Well, I can't fix the tag cloud etc until I get the ad working properly again.  Hmm... now I wonder why it's not disappearing.


----------



## Morrus (Jan 11, 2009)

How about now?


----------



## Alzrius (Jan 11, 2009)

Morrus said:


> How about now?




The "Popular Tags" "Recent Blogs" and "Reviews" boxes are still there.


----------



## Morrus (Jan 11, 2009)

Alzrius said:


> The "Popular Tags" "Recent Blogs" and "Reviews" boxes are still there.




Yes, I know.  That's why I said "I can't fix the tag cloud etc until I get the ad working properly again."  

So I need folks to confirm if the control worked for the ad before I go applying random bits of code to other elements.  Once I know it works for the ad, I can do the same for the others.


----------



## orchid blossom (Jan 11, 2009)

The ad is now gone.


----------



## Morrus (Jan 11, 2009)

OK, well I don't know for sure the ad toggle worked.  I've gone under an assumption that it did, and recoded the tag cloud the same way (no, not the reviews or blogs boxes yet).  

I've added a SEPARATE toggle under Edit Otions for the sidebar (so you SEPARATELY control the ad and the other sidebar elements, just in case some people, like myself, like the sidebar stuff but still want to lose the ad).

I've ONLY APPLIED THIS TO THE TAG CLOUD so far.  

I really need folks to confirm this is working before I do any more.  Are you succussefully able to turn off the ad and the tag cloud? 

If yes, I can then apply those changes to the other sidebar boxes.


----------



## Morrus (Jan 11, 2009)

orchid blossom said:


> The ad is now gone.




Ah, simul-post!  Thanks!


----------



## Alzrius (Jan 11, 2009)

Morrus said:


> I really need folks to confirm this is working before I do any more.  Are you succussefully able to turn off the ad and the tag cloud?
> 
> If yes, I can then apply those changes to the other sidebar boxes.




I just now toggled the sidebar elements, and sure enough the tag cloud box disappeared.


----------



## Morrus (Jan 11, 2009)

Alzrius said:


> I just now toggled the sidebar elements, and sure enough the tag cloud box disappeared.




Thank you, Alzrius.

Could you confirm that that behaviour is now replicated across all elements in the sidebar?


----------



## stonegod (Jan 11, 2009)

Morrus said:


> Yes, I know.  That's why I said "I can't fix the tag cloud etc until I get the ad working properly again."
> 
> So I need folks to confirm if the control worked for the ad before I go applying random bits of code to other elements.  Once I know it works for the ad, I can do the same for the others.



The ad is gone now properly (thanks); the other bits are still there as you know.


----------



## Morrus (Jan 11, 2009)

stonegod said:


> The ad is gone now properly (thanks); the other bits are still there as you know.




You're saying the toggle for the other bits does not work?

Crap.  Back to the drawing board.  Grrr.  I want my dinner.


----------



## stonegod (Jan 11, 2009)

Morrus said:


> Thank you, Alzrius.
> 
> Could you confirm that that behaviour is now replicated across all elements in the sidebar?



They all seem to be gone when I toggle.
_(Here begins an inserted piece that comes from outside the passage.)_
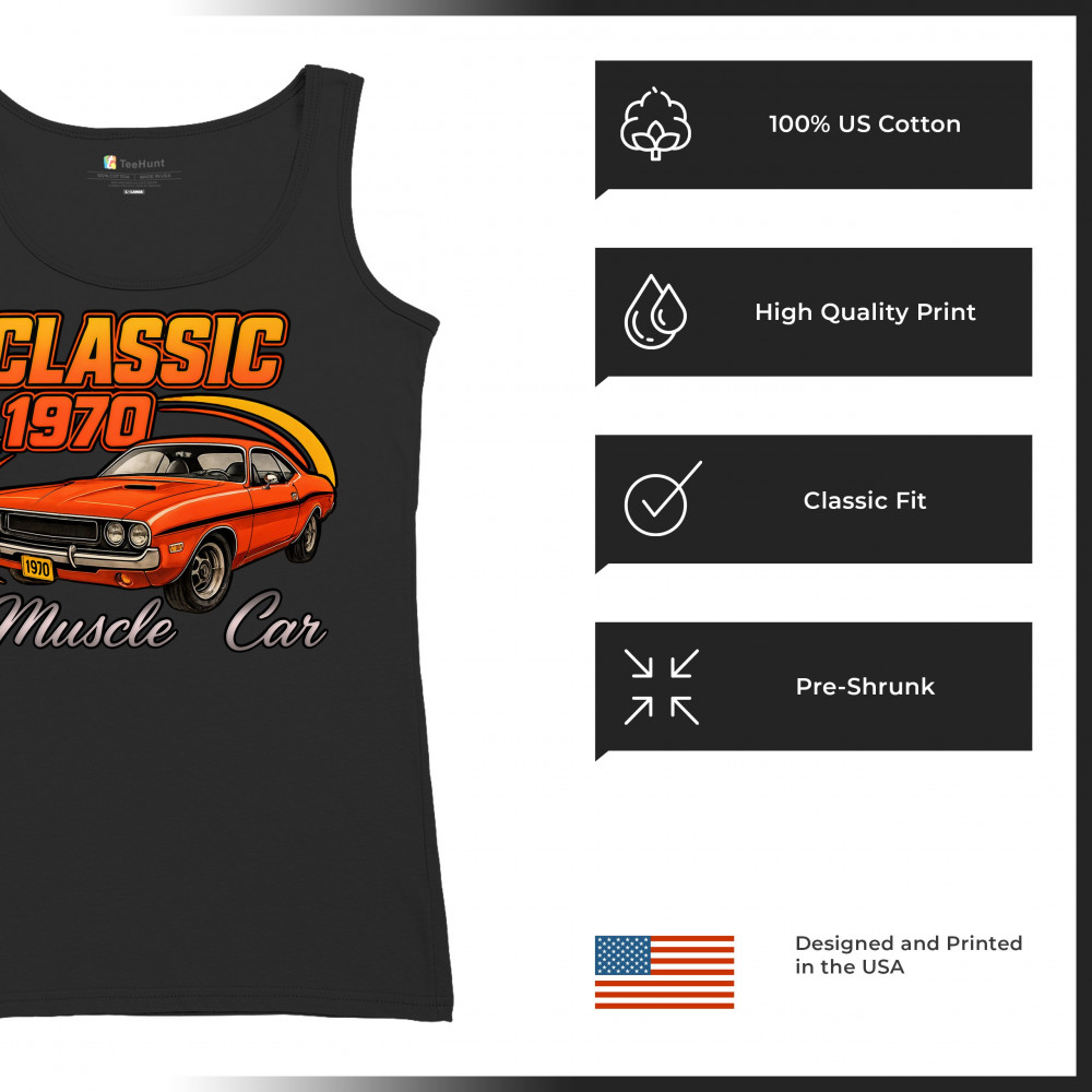 Show your pride for American muscle with this bold 1970 design featuring a classic orange coupe in retro detail. Perfect for gearheads, vintage car lovers, and collectors who live for the sound of old-school performance. A tribute to the raw attitude and street dominance of 1970 muscle.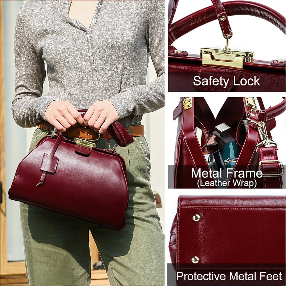 - Metal Frame Opening Meets Timeless Style: Luxury leather doctor style bag features a wide metal frame that stays open for effortless access. With its structured silhouette and vintage charm, it's designed for women who appreciate both elegance and everyday functionality

Great!


----------



## stonegod (Jan 11, 2009)

Morrus said:


> You're saying the toggle for the other bits does not work?
> 
> Crap.  Back to the drawing board.  Grrr.  I want my dinner.
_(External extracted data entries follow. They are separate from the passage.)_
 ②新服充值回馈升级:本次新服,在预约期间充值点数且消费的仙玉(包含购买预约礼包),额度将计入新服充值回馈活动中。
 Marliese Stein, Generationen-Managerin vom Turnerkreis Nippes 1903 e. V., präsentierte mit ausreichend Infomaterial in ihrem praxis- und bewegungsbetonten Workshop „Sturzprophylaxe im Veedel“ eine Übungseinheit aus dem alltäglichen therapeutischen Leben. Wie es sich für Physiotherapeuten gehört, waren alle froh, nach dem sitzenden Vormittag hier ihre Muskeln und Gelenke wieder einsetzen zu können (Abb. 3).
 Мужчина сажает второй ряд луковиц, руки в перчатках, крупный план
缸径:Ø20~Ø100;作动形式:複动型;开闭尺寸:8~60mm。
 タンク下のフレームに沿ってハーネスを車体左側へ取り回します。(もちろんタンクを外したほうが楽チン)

I was responding to your earlier post (before the second page popped up) when you had just gotten rid of the ads... see my above post that confirms everything vanished.

Go eat!


----------



## Alzrius (Jan 11, 2009)

Morrus said:


> Could you confirm that that behaviour is now replicated across all elements in the sidebar?




Indeed, all of those elements are gone, and things are back to normal. Nice work, Morrus.


----------



## garyh (Jan 11, 2009)

Alzrius said:


> Indeed, all of those elements are gone, and things are back to normal. Nice work, Morrus.




Same here.  Thanks, Morrus!


----------



## Mouseferatu (Jan 11, 2009)

garyh said:


> Same here.  Thanks, Morrus!




Thanks here, as well.


----------



## Brown Jenkin (Jan 12, 2009)

Sorry about being grumpy yesterday. I was sick and that just temporarily broke me. Thanks for fixing it.


----------



## freyar (Jan 12, 2009)

Mouseferatu said:


> Thanks here, as well.



And here too!


----------



## Nifft (Jan 17, 2009)

New toggle works perfectly for me.

Thanks, mang.

Cheers, -- N


----------



## Greylock (Jan 18, 2009)

I've been waiting to see if anyone else brings it up, but apparently I'm the only person who's lost the "view new posts" button? Haven't had it all week. Annoying as crud. I have to go to the end of threads and then try to track back to the last post I read. Real PITA for someone who can only visit every couple of days.


----------



## Merkuri (Jan 18, 2009)

Greylock said:


> I've been waiting to see if anyone else brings it up, but apparently I'm the only person who's lost the "view new posts" button? Haven't had it all week. Annoying as crud. I have to go to the end of threads and then try to track back to the last post I read. Real PITA for someone who can only visit every couple of days.




Hmm, I still see it.  I just used it to go to your post.  What skin are you using?


----------



## Greylock (Jan 18, 2009)

Just the default skin. But now that you've made me want to use it, I don't have the "quote" button anymore either.

Windows Vista, using FF 3.0.5. Haven't fussed around in my settings here or elsewhere. All this started about the time this thread started.


----------



## Greylock (Jan 18, 2009)

In fact, the only button I have now is the "Fork" one. Quote, edit, multi-quote and anything else are gone.

OK, in this ghastly white skin, the post button are back, quote etc. And I can see where the new post button should be, but it isn't a button. Just a link that says "Go to new posts", along with things like "Attachments" and such, all in text. When I go back to default black, it all disappears again.

But man, this white skin..... it's awful!


----------



## Merkuri (Jan 18, 2009)

Maybe try clearing your cache.  Your cached copy of those buttons may be broken somehow.

I think the white skin has potential, but there's a lot of it missing or broken.  I used it for a while at work because it was less conspicuous than the default skin, but after a month or two I couldn't take it anymore.  So yeah, I know what you mean.


----------



## Greylock (Jan 19, 2009)

Cleared cache and all that. Didn't work. ENWorld steadily becomes more and more useless to me as it becomes harder and harder to navigate. Wondering if anyone can ever give a hand? Problems I complained about ages ago are still in effect, even though Spoony declared them resolved [because he couldn't fix them, it was resolved.] Surely I'm not the only one with problems?


----------